La Suisse est confrontée de longue date aux personnalités dites «politiquement exposées», résumées par les trois lettres PEP. Les PEP sont des personnes qui occupent des fonctions publiques importantes à l’étranger.

C’est le cas des chefs d’Etat ou de gouvernement, des politiciens de haut rang au niveau national, des hauts fonctionnaires de l’administration, de la justice, de l’armée et des partis au niveau national et des plus hauts organes des entreprises étatiques d’importance nationale.

Ces personnes, qui de par leurs fonctions, peuvent être touchées par la corruption, font l’objet d’un traitement particulier des banques, obligées de vérifier la provenance des fonds. Lorsque, malgré les mesures de précaution, des avoirs illégitimes arrivent en Suisse, ils doivent être identifiés et restitués à leur pays d’origine.

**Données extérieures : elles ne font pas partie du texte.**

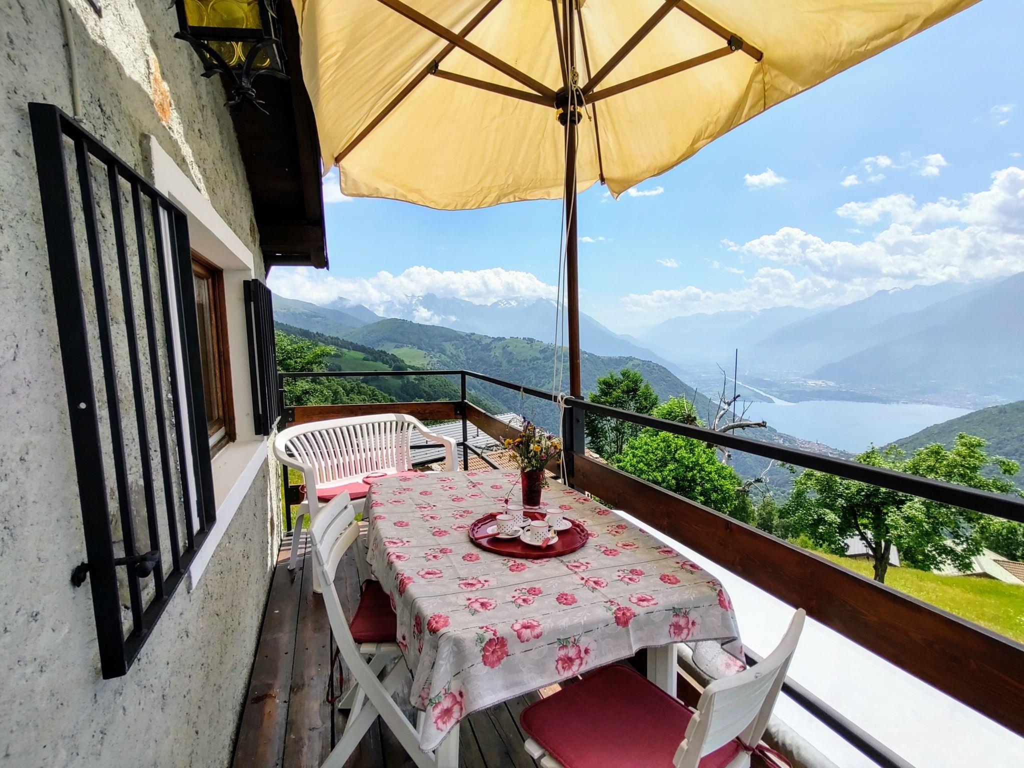 Rustic 3-family house "Mia e Giulia", 1'115 m a.s.l.. Above Peglio, in the hamlet Bodone 12 km from the centre of Gravedona, 60 km from the centre of Como, 64 km from the centre of Lecco, in an elevated position on a slope, 12 km from the lake, in the countryside. For shared use: property (fenced) with meadow. 5 km long narrow motor access (mountain road). Stepped path to the house. Parking at the house. Shop 5 km, supermarket 13 km, bus stop 5 km, railway station "Como" 60 km, pebble beach "Lido di Gravedona" 12 km, outdoor swimming pool 12 km. Marina 12 km, golf course (18 hole) 39 km. Nearby attractions: Chiesa Santa Maria del Tiglio Gravedona, Agriturismo Zertin, Palazzo Gallio-Gravedona, Parco Valle Albano, Lake Como Adventure Park, Gravedona. Well-known lakes can easily be reached: Lago di Mezzola, Lago di Lugano. Hiking paths: Monte la Motta, Monte Duria, Alpe Paregna.
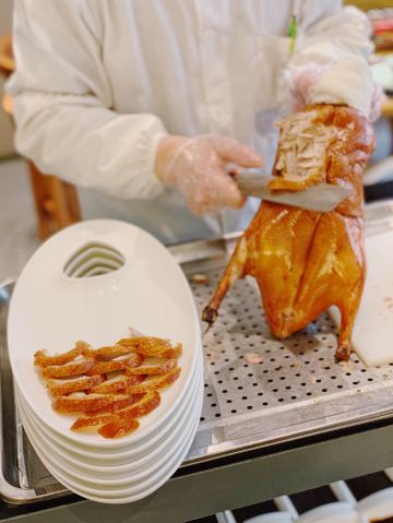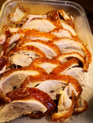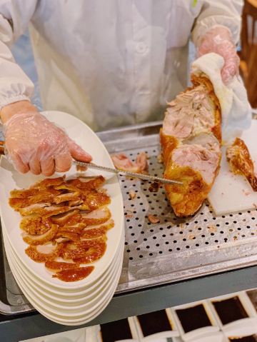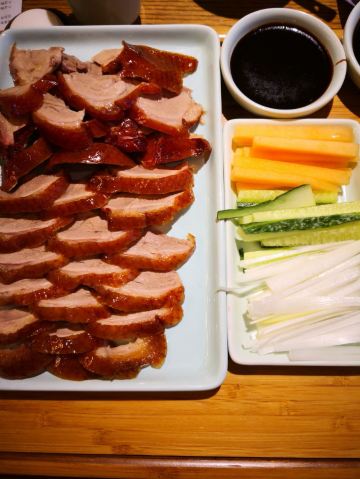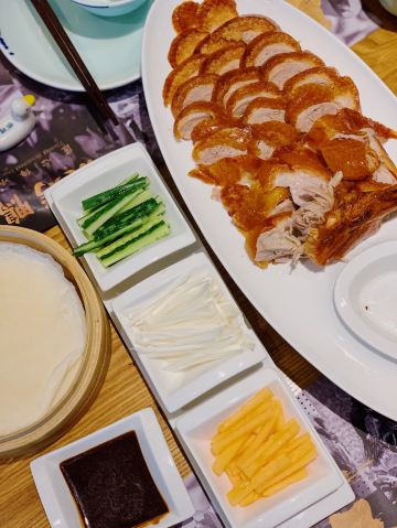 Zhang Roasted Duck三八节,带太后一起来过节。从家步行十分钟就到,今天过节,排队的人有点多,小等了一会。前面很多人主动要求拼桌,所以很快就就坐了。 来张烤鸭,直接上鸭子,点了一整只鸭子,156元,从实惠的角度讲,吃了鸭子后的鸭架可以带回家让家头的男同胞啃哈哈哈。 因为是新鲜烤制,鸭子等了一会,师傅会在你面前片好鸭子,肉片本身只有肉香味,加了面酱后特别好吃,放进面饼加上黄瓜,葱丝,一定要一口咬下才过瘾。 鸭架子打包,回家做了香煎鸭架和鸭架豆腐汤,非常好吃。同学们可以回家试试看。

Une nouvelle loi sur la restitution des avoirs illicites est entrée en vigueur le 1er février 2011. Elle vise à donner une base légale aux autorités suisses pour restituer des fonds bloqués en Suisse après l’expérience négative des procédures pénales dans les cas de Mobutu et Duvalier.

 

Si, au terme de la procédure, la PEP n’est pas en mesure de prouver l’origine licite des avoirs, ceux-ci sont confisqués et restitués de manière transparente à l’Etat de provenance, au bénéfice de la population et pour financer des programmes d’intérêt public.